Rewrite the following text exactly as-is but with the following technical change:
  
- Zap 1 now uses Google Drive's New File in Folder trigger instead of Gmail's New Attachment.
  
 Rewrite without any stylistic changes: only update it for technical accuracy where necessary. Be careful not to delete or change anything you don't absolutely need to delete.

Result: Chat failed for my purposes:
- It removed unrelated paragraphs wholesale from the update. For example, it removed a General limitations section.
- It removed helpful tips, stripping down the steps to UI point-and-click interactions.
- It failed to catch all necessary updates. For example, it retained a mention of email triggers in the introduction, which it should have updated to Google Drive.
- It failed to give me confidence that UI terms were accurate. For example, I reference a property displayed in Zapier as File (exists but not shown), which Chat changed to File. Based on prior experience, I didn’t trust Chat to give me an accurate answer if questioned about the change. So then I had to open Zapier and click through workflows to determine if Zapier’s UI changed, or if Chat has changed my style, or if there was a differently named UI element not yet on my radar.

Claude 3.5

I gave the same restrictive prompt to Claude, and it did much better. Its changes were strictly necessary, except for a few small proofreader-type changes that improved the formatting of a Markdown header and bulleted list. I came away with a greater sense of trust and believed I could plausibly use the results in my workflow.

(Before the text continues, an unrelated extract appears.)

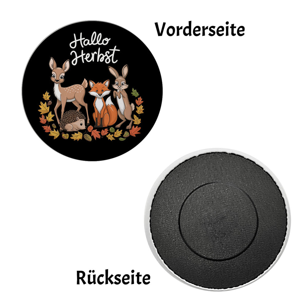 - 1x Hallo Herbst Magnet rund - Herbstliche Waldszene mit Tieren in der gewählten Ausführung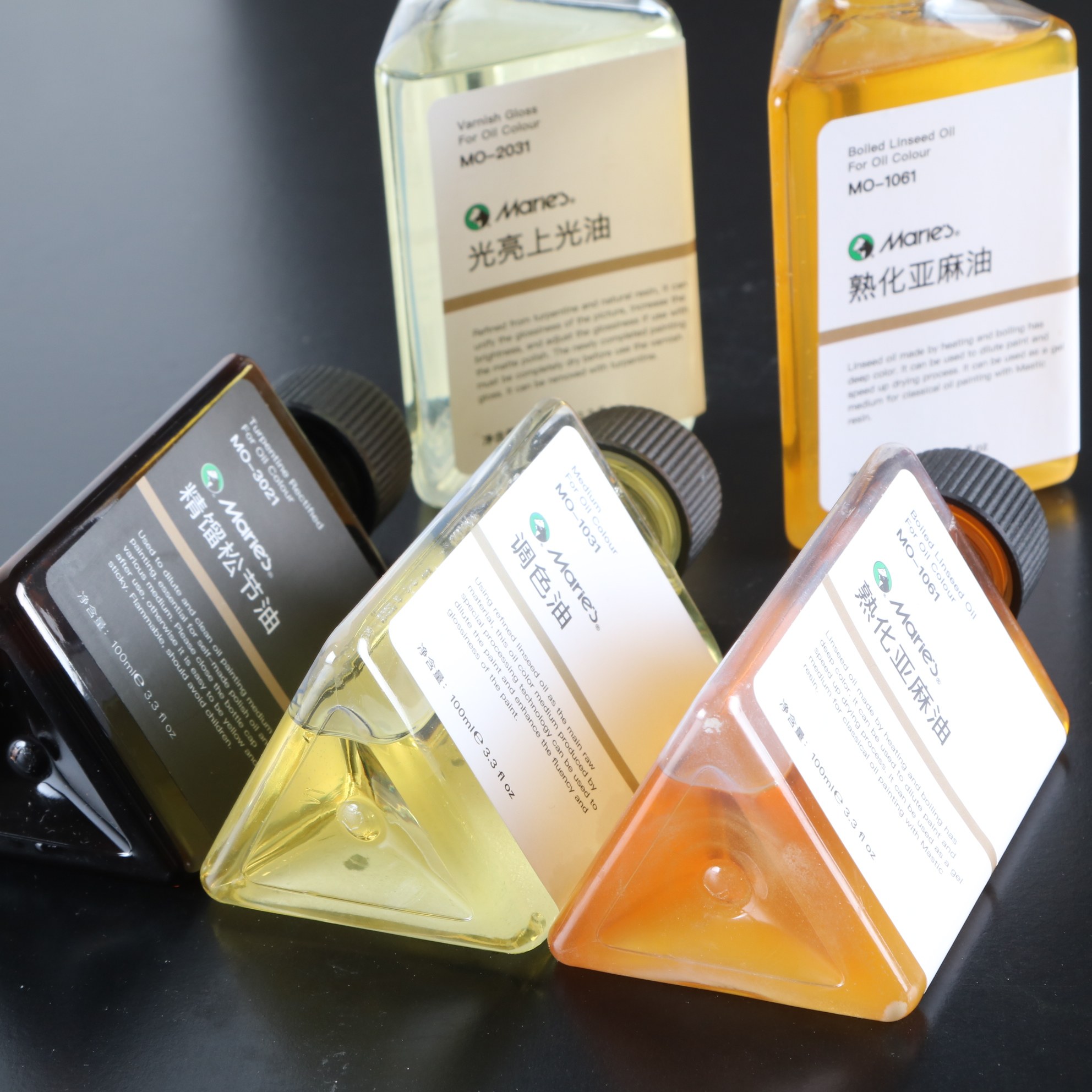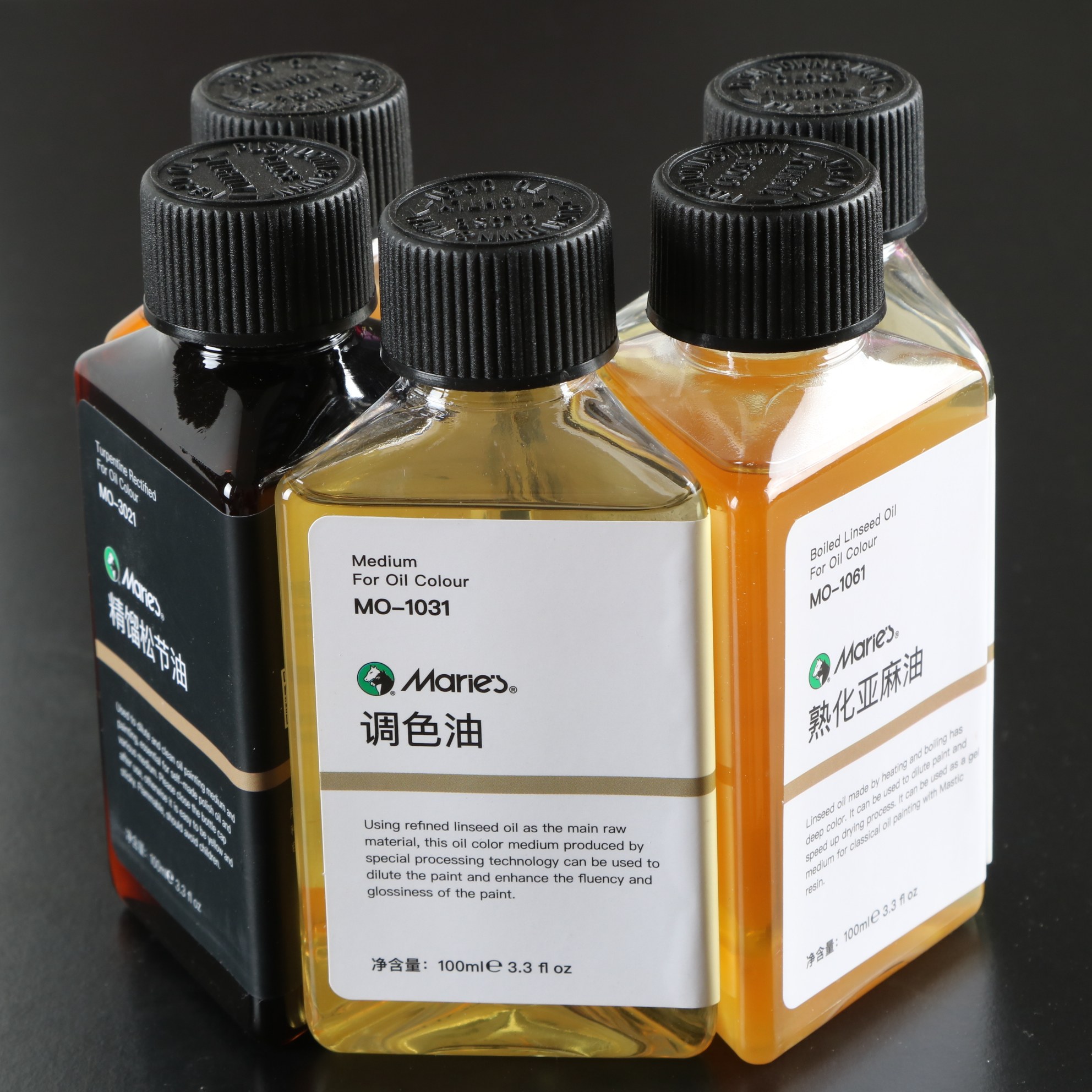 📚 马利油画媒介调色油亚麻油松节油上光油熟化亚麻油100ML装油画颜料稀释剂500ML

2. Claude generated a decent blog post

Based on some chatter I followed in the DevRel Collective Slack community, I didn’t bother testing blog-post generation with Chat. I went straight to Claude 3.5, and the results were adequate.

I don’t yet have a paid account for Claude, which means I can’t persist context across prompts with their Projects features. However, I found that I could just barely squeeze in enough documentation as context for my one-off prompt before Claude choked on input token limits.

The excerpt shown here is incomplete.